You clear your lungs, girl. You’ll feel better for it. - John Peel after playing Dreams on this edition of John Peel’s Music.

My intricate plans for this blogpost all came crashing down around my ears once I started doing the research on it.  I had assumed that Peel playing one of the Cranberries best known hit singles was one of those examples in which he held hands with mainstream opinion and skipped gaily across an open field with it while acknowledging, “They’re good these, aren’t they?” But I found that I’d misremembered the chronology of the Cranberries story.  I was sure that they had arrived, pretty much as overnight smashes through late 1992/early 1993 with Everybody Else is Doing It, So Why Can’t We? sitting astride the top of the album charts for 2 years, top 10 hit singles all over the world and huge crowds attending their gigs in next to no time.  But the reality was that the huge success that the band enjoyed was a much more slow burning affair and rather than running hand in hand with mainstream opinion, Peel was, once again, metaphorically waving to it from a distance and pointing it towards the band, who would find it eventually catching up with them within a year.  He had, lest we forget, been playing tracks from their earliest EP and had them in for a Peel Session, making him possibly one of the first DJs outside of Ireland to play them.

The jigs and the reels of it are that Dreams was released in September 1992 and entered the charts with a bullet at...(checks notes)... did not chart.  That was followed by Linger, which just sneaked into the Top 75 UK hit singles chart.  The Everybody Else...LP was released in March 1993 and did respectable business until MTV started playing the videos for Dreams and Linger on heavy rotation, at which point sales went into the stratosphere, especially in the United States.  Dreams and Linger were both reissued in early 1994, though, again contrary to memory, neither broke the Top 10 in the UK.  Indeed, no Cranberries single ever did.  Dreams peaked at Number 27, which may be one of the reasons why for a long time I regarded it as good, but inferior to Linger which topped out at Number 14.  Over a year after it was released, Everybody Else is Doing It, So Why Can’t We? topped the UK album chart, just in time for the band to release their second album, No Need to Argue.  In 1994, they were probably the most exposed “new” band in the world.  But in late 1992, they were preaching to a small congregation outside of Ireland, and John Peel was one of them.

In a sense, Dreams is a song we’ve grown up with over the last 25 years or so.  It’s opening guitar washes and circling riff were a staple of “Coming up on Grandstand...” musical beds for many, many years.
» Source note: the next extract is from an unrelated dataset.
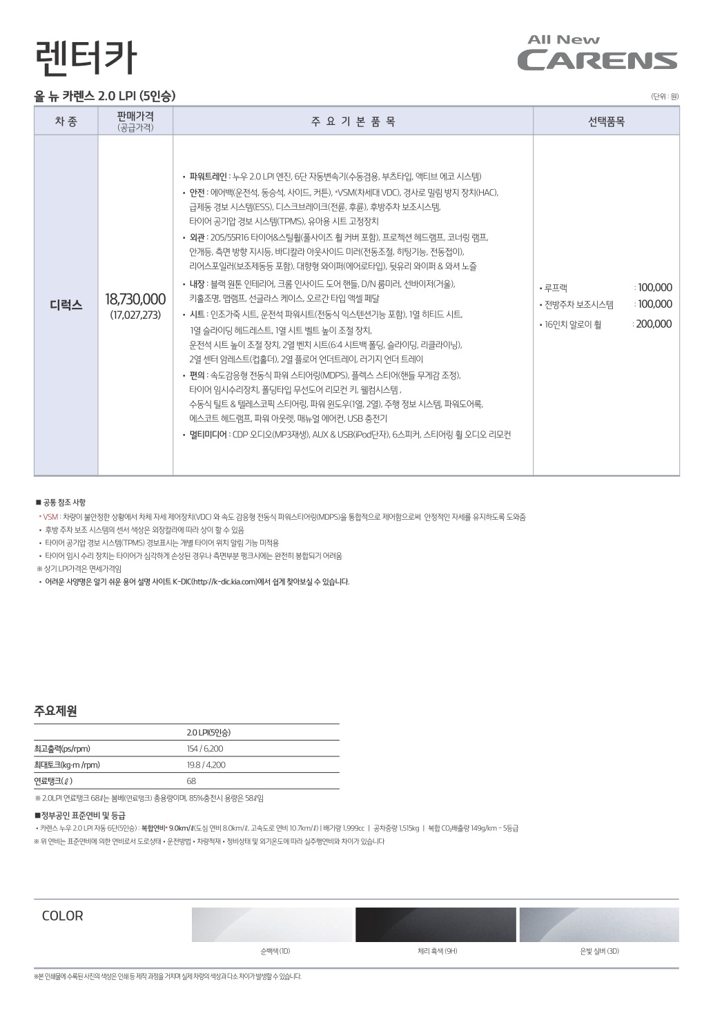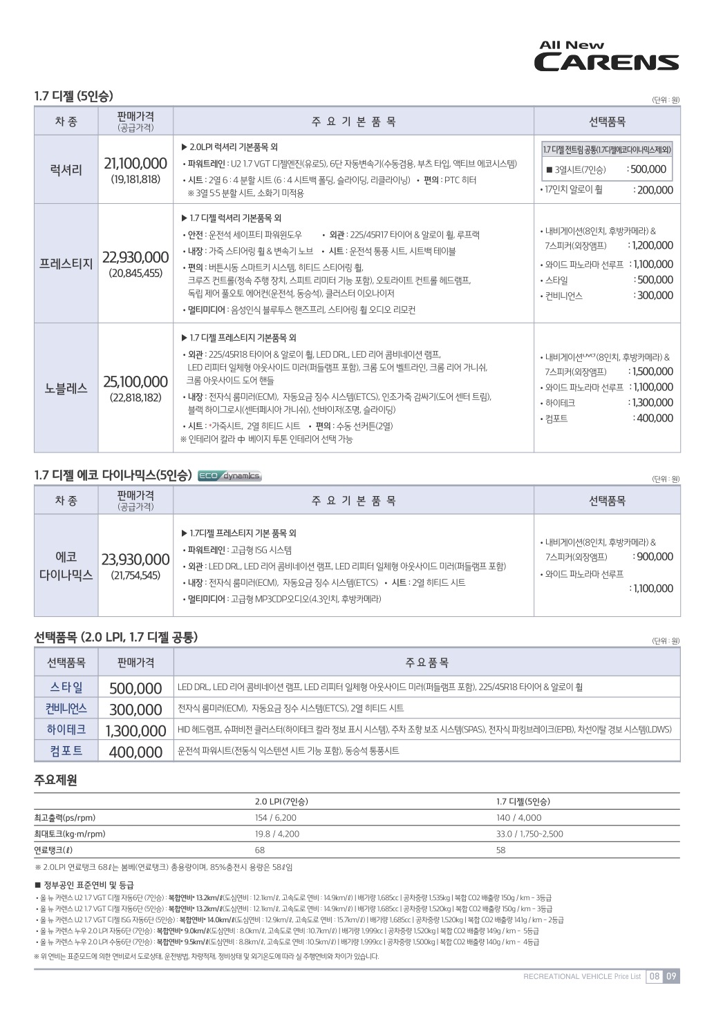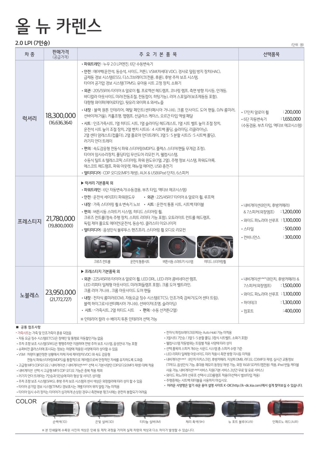 2013년 4월 올뉴카렌스(RP) 신차가격표

Listening back to it again over these last few days, I’ve been reminded of just how good a song it was in a way which its ubiquity at the time didn’t allow me to fully acknowledge.  I don’t consider it as Linger’s pretty but lesser talented sister anymore.  Dolores O’Riordan described it as being about the first time she fell in love.  If we consider Dreams as being about the thrill of falling in love and Linger about dealing with the messiness of love turning sour but keeping you bound to it, then I now see both tracks as equals and a smart piece of sequencing.